“The First Roxy Music Album is still mostly ahead of its time even now decades after the fact (and the next four or five are pretty amazing as well). But it’s the first one that lays it all out – the glamour, the romance, the noise, the pop, the rock, The Future. And the single track that delivers it all in less than four and a half minutes, the one Roxy artifact I’d grab if the world was burning down (and it probably is), is Ladytron. Which (it occurs to me as I jot this down), I don’t even know what it’s about. It’s about a lady, of course, and beautiful at that, though I guess she may be a robot. But maybe Bryan Ferry‘s kiss can make her human. Or something like that. Equal parts fairy tale and science fiction and pure fun modernity, circa 1972.” (Philip Random)
Tag Archives: Bryan Ferry
156. Song for Europe
“The easy and wrong position to take on Roxy Music is that they were only good as long as Brian Eno was onboard (ie: the first two albums), ‘…a 1970s band playing 1950s music for the twenty-first century‘. It’s true that things changed with Eno’s rather abrupt departure. How could they not? But as their third album Stranded makes abundantly clear, Roxy still had more than enough rings for a proper circus. With Song For Europe an epic romance that offers verses in not just English and French, but Latin too, all toward … well, I don’t know what exactly, or where. It just sends me there, sweetly, strangely, and finally powerfully. Which I suppose is where Roxy did finally lose it for me – when they stopped delivering the power and the strangeness, opting for those misty water-coloured moods of Avalon which definitely shifted units, but just drove me resolutely elsewhere. Anywhere else really. Oh well.” (Philip Random)

247. remake-remodel
“The first song from the first Roxy Music album makes it abundantly clear. This band is not concerned with the past. This is not a rock ‘n’ roll soaked in blues and authenticity. This is dissonance, angularity and cool high fashion, which no doubt must have felt like a hostile alien invasion if you were a certain kind of hippie in 1972. Hell, I didn’t even hear Remake/Remodel until at least 1979 and I just assumed it was some up and coming New Wave outfit, except they were way better than most. And I suspect the same would be true today. Still more about what’s to come than what has been.” (Philip Random)
322. bogus man
“I think of Bogus Man as where Roxy Music would have gone if Brian Eno had never left: to stranger, deeper, more evocative realms, while great hordes of confused hippies looked on from darkened streets, still coming down from that long strange trip known as the 1960s. Which is rather what was going on anyway with Roxy in their early years, strutting like peacocks through a world full of pigeons. As it was, Bryan Ferry had other ideas for his band, and it’s not as if Mr. Eno didn’t go off and invent the future anyway. Which he’d be the first to say the Germans were already doing. Can in particular without whom we would never have heard the likes of Bogus Man.” (Philip Random)
442. Virginia Plain
More or less perfect modern pop from a more or less perfect moment in modern pop-time. Which is to say 1972, glam eruption. Except it’s wrong to classify or date Virginia Plain (or Roxy Music for that matter). Virginia Plain defies genre. It just is. Three minutes of pure, strange, driving fun. And thus a reason to live. Because you never know what’s going to happen next.

475. editions of you
“Tight, hard, fast, and looking very good – nobody else sounded or looked or felt remotely like Roxy Music in 1973. That would have to wait five years or so. Then all kinds of people were sounding, looking, feeling like Roxy Music (in 1973). Unfortunately, Roxy weren’t anymore. They’d gone all white-boy soulful, a creature I could never love. But that was okay. I was really just discovering 1973 anyway, and it was all for my pleasure.” (Philip Random)

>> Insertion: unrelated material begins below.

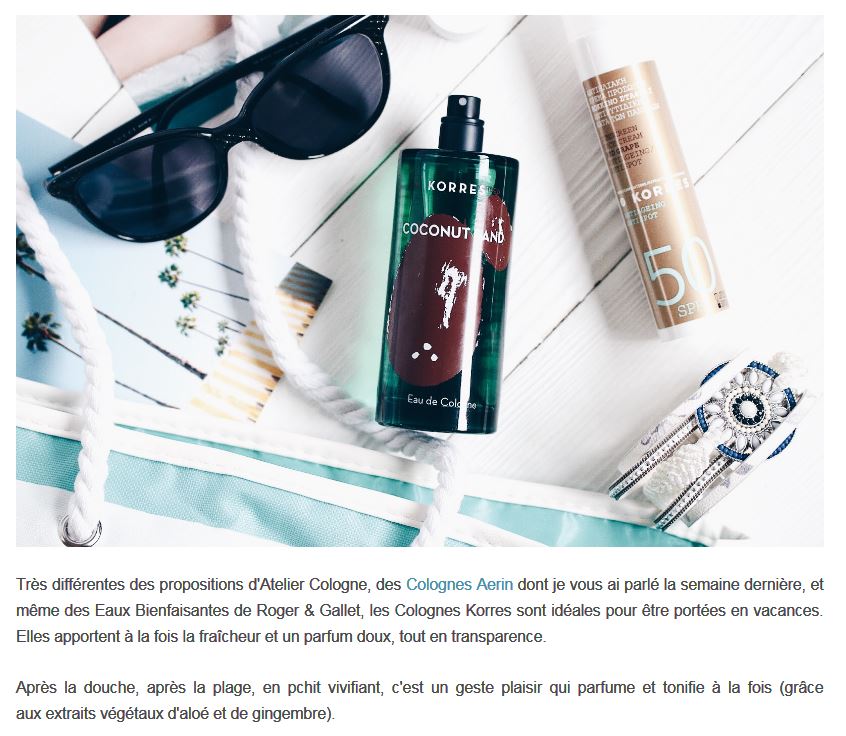 22 Juillet 2017Kléo Beauté nous présente son coup de coeur fraicheur de l'été : l'eau de cologne Korres Coconut Sand.

517. a hard rain’s a-gonna fall
“It doesn’t look promising on paper. Bryan Ferry (aka Mr. Suave) taking on Bob Dylan’s 1962 Cuban Missile Crisis inspired whole-world’s-gonna-end-tomorrow-so-I-guess-I’ll-just-write-all-my-songs-tonight apocalyptic masterpiece, turning it into a gospel infused dance number with a big arrangement. But it actually works, and damned well. Miracles never cease, I guess. And the rest of the album‘s pretty strong, too. All covers, all at the very least fun.” (Philip Random)
540. the thrill of it all
“I try not to regret things. Life offers way too many options. But I do deeply wish I’d been cool enough as a teen to actually ‘get’ the mid-70s Roxy Music, when they really were about the coolest item on the planet (even without Brian Eno). And not just in terms of look. They also had the chops, the vision, the SOUND. But then I guess I wouldn’t have had the thrill of discovering all those early albums after the fact. Which happened around the same time they were mellowing into the pastel infused murk of Avalon, which the yuppies couldn’t seem to get enough of, but it sent me running in the opposite direction. In fact, it’s all right there now that I think about it. The difference between the 70s and the 80s. One of them anyway.” (Philip Random)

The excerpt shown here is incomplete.